Famed military figure, Col. Charles Young, has strong Fort Wayne ties

| April 18, 2013

Judith Green displays two books written by family members about their famed relative Col. Charles Young—one of the nation’s historic military figures. (Photo of Judith Green: Michael Patterson; Courtesy photo of Col. Young)

Judith Green (far right) stands with her cousin Sharon Greene (far left) and a Buffalo Soldier re-enactor at the home of Col. Young. (Courtesy photo)

Judith Green (far right) stands with her cousin Sharon Greene (far left) and a Buffalo Soldier re-enactor at the home of Col. Young. (Courtesy photo)

(Courtesy photo)

(Courtesy photo)

Colonel Charles Young’s Wilberforce, Ohio home is now a national historic landmark. (Courtesy photos)

Colonel Charles Young’s Wilberforce, Ohio home is now a national historic landmark. (Courtesy photos)

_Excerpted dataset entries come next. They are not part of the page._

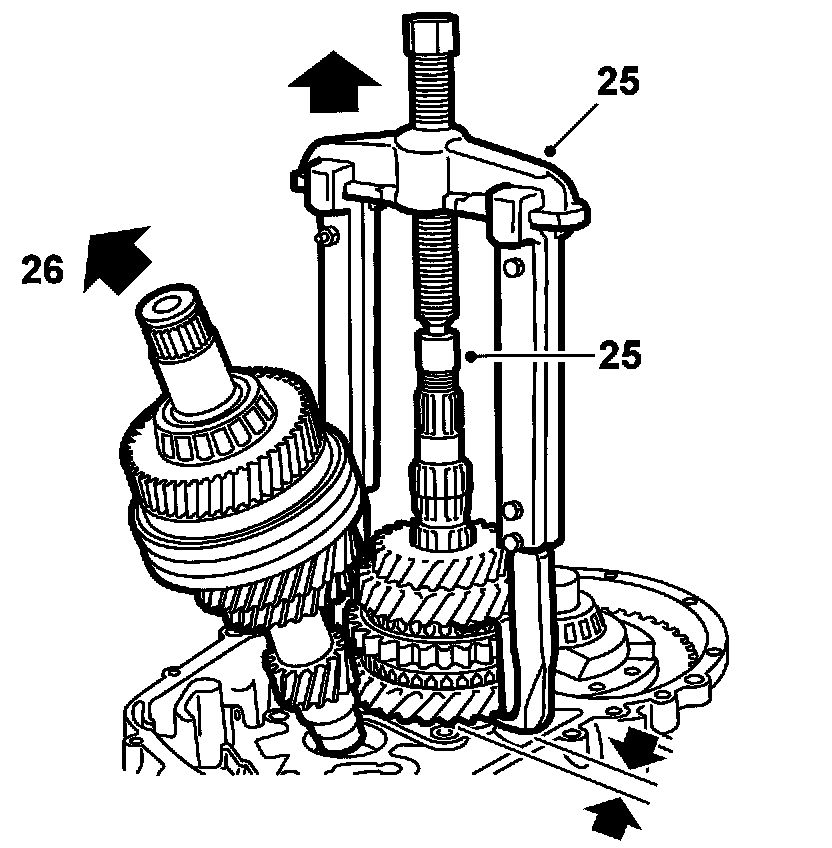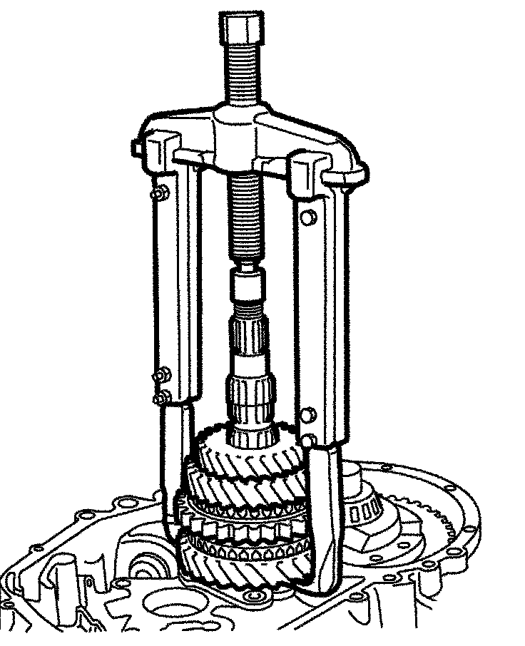 25. Fit 87 91 287 Puller, 150 mm with 87 91 303 Arm, 150 mm under the 1st gear wheel on the output shaft. Fit 87 91 410 Sleeve to protect the end of the output shaft. Pull slightly and fit 87 92 103 Assembly fixture, 1 to hold the 1st and 2nd gear synchromesh assembly together. Fit a cable tie round the tools and drive assembly. Pull up all gears about 15 mm on the output shaft.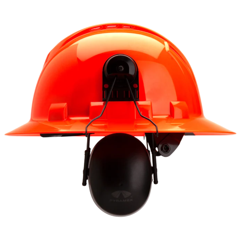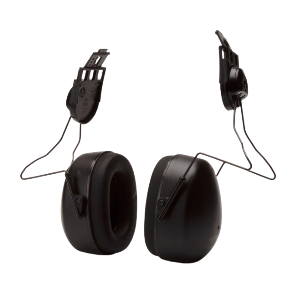 Hard Hat Mounted Earmuff Full Brim Cap Mounted Muff NRR 23dB Dielectric Soft foam ear cups Fits slotted full brim hard hats Easily accessible while working Flip down over ears to use Flip up when not in use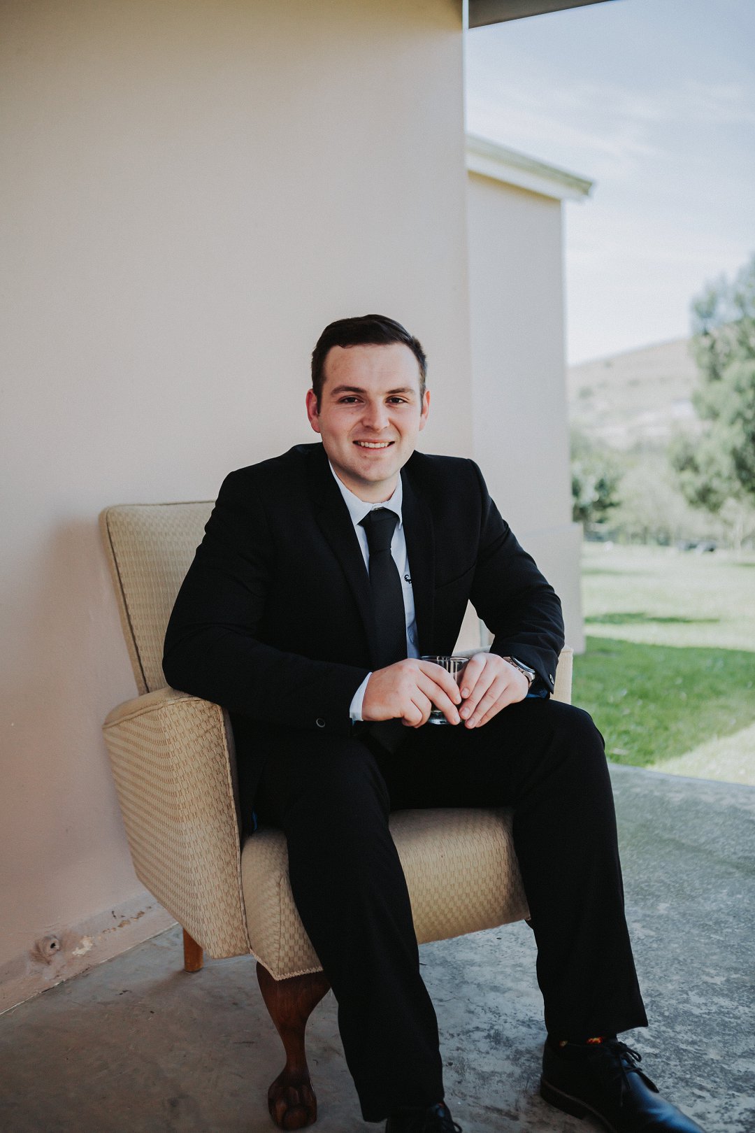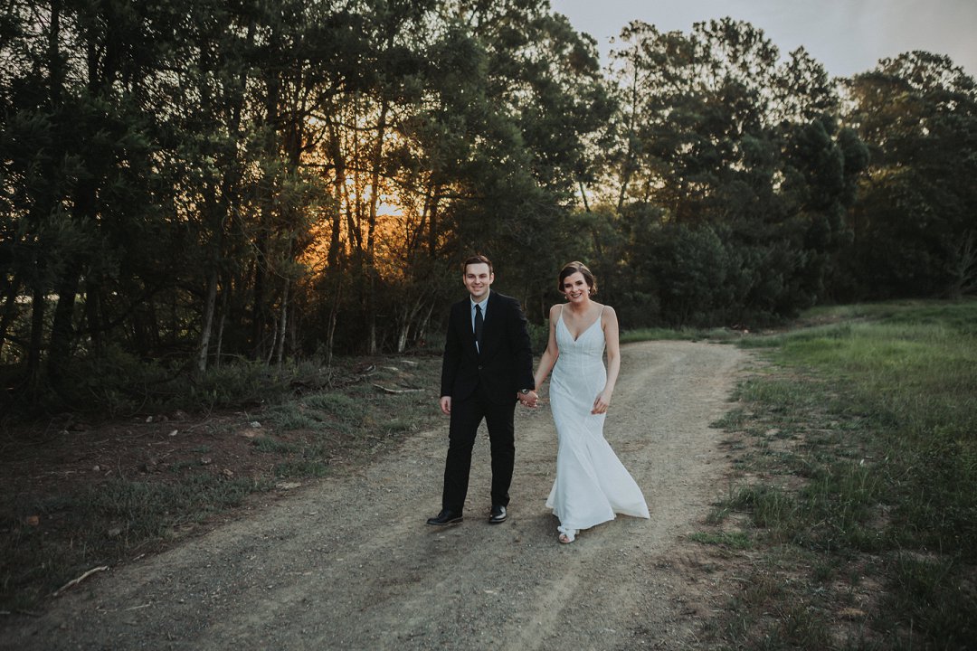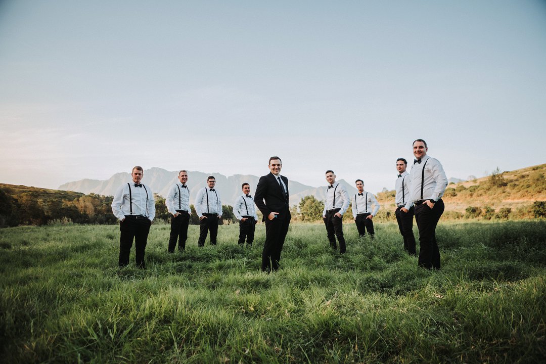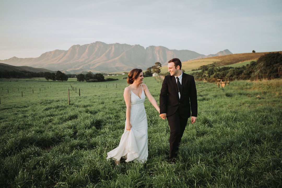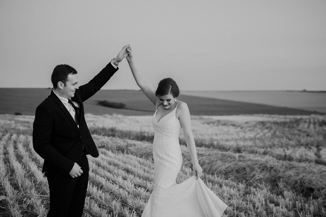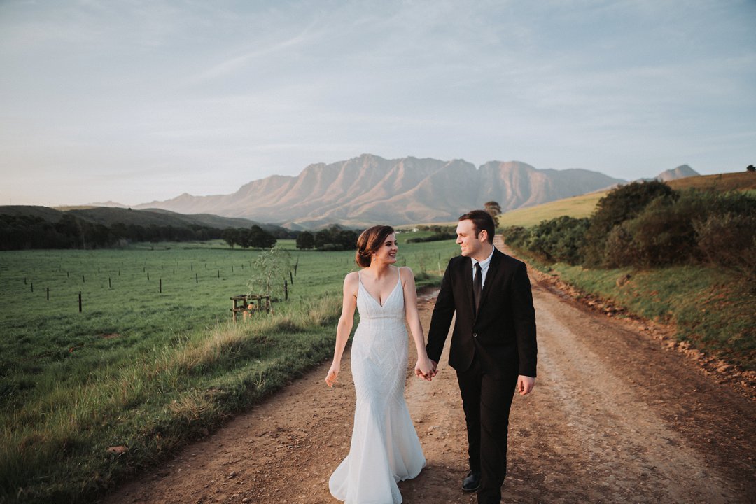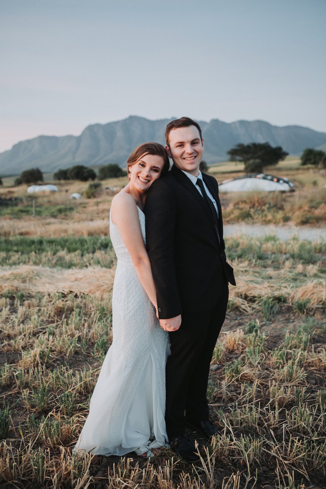 Die paartjie se buitelug seremonie was net so mooi. Hulle het die pragtige landskappe van die plaas waar hul getrou het goed benut in hul fotosessie. Nie net die pragtige groenigheid en grondpad nie, maar ook die berge en sagte sonlig in die agtergrond het gemaak vir die mooiste paartjie foto’s.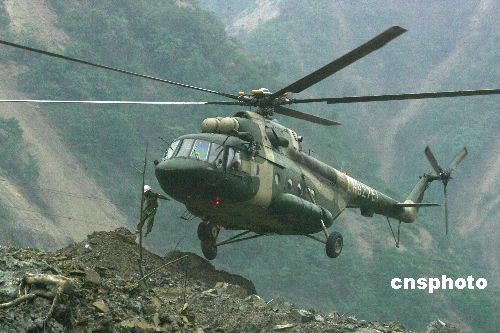 五月二十日是汶川大地震第九天,成都軍區(qū)陸航團姜廣偉王牌直升機組上午十時成功以單輪強降北川重災(zāi)區(qū)“定時炸彈”——堰塞湖無名塌方小土堆上,緊急運送水利地質(zhì)技術(shù)隊實地監(jiān)測水位上漲危情。一座大山的崩塌堵塞河道形成危險的堰塞湖,如果潰堤將危及北川全縣和綿陽災(zāi)區(qū)。中新社發(fā) 賈國榮 攝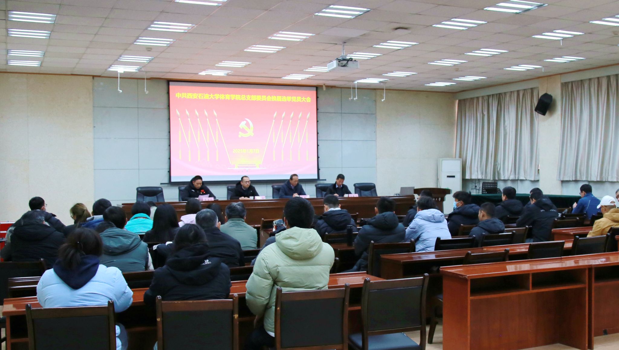 1月7日下午,中共william威廉中文官网体育学院总支部委员会换届选举党员大会在雁塔校区第三会议室隆重召开。校党委委员、副校长张君涛出席大会并讲话。校党委组织部副部长张欢到会指导。学院全体师生党员同志参加大会。大会由学院院长李寿邦主持。
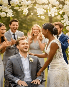Her trembling hands dropped the bouquet; petals scattered, mirroring her shattered dreams. The groom, Michael Adawale, sat motionless in a wheelchair—his body propped up, his chest rising and falling only by the mercy of a ventilator. The crowd whispered, “She’s marrying a ghost.” His family stifled laughter, mocking Aisha’s every word to the unconscious man beside her.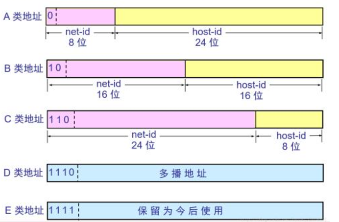 在最初定义Internet地址结构时,每个单播IP地址都有一个网络部分,用于识别接口使用的IP地址在哪个网络中可被发现;以及一个主机地址,用于识别由网络部分给出的网络中的特定主机。因此,地址中的一些连续位称为网络号,其余连续位称为主机号。基于上述分类方法,IPv4地址按照网络号和主机号的长度被分为五大类。A、B、C类用于为Internet(单播地址)中的设备接口分配地址,以及其他特殊情况下使用。类由地址中的头几位来定义:0为A类,10为B类,110为C类,1110为D类,1111为E类。D类地址供组播使用,E类地址保留。分类如下图所示: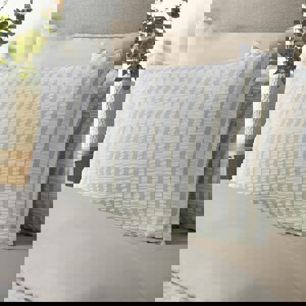 Alternating bands of gentle seersucker and smooth contrasting textures create a crisp, look that’s both contemporary and calming. With its tonal palette and modern minimalism, this piece brings subtle dimension to your space, perfect for elevating understated interiors with refined texture and effortless style.

WILBERFORCE, Ohio—On Feb. 12, U.S. Senator Sherrod Brown (D-Ohio) and Rob Portman (R-Ohio) introduced legislation to make the Wilberforce, Ohio home of Colonel Charles Young part of the National Park System. On April 6, state and national dignitaries and descendants of Col. Young gathered in Wilberforce to dedicate an historic marker to commemorate the life and legacy of Young, who made history as one of the Army’s famed Buffalo Soldiers and as an overall compelling figure in the annals of American history. Young was the third black graduate of West Point, the nation’s first black military attaché to another country and the first black man to attain the rank of colonel in the U.S. Army. Among those relatives present at the ceremony honoring his memory was Fort Wayne’s own Judith Green.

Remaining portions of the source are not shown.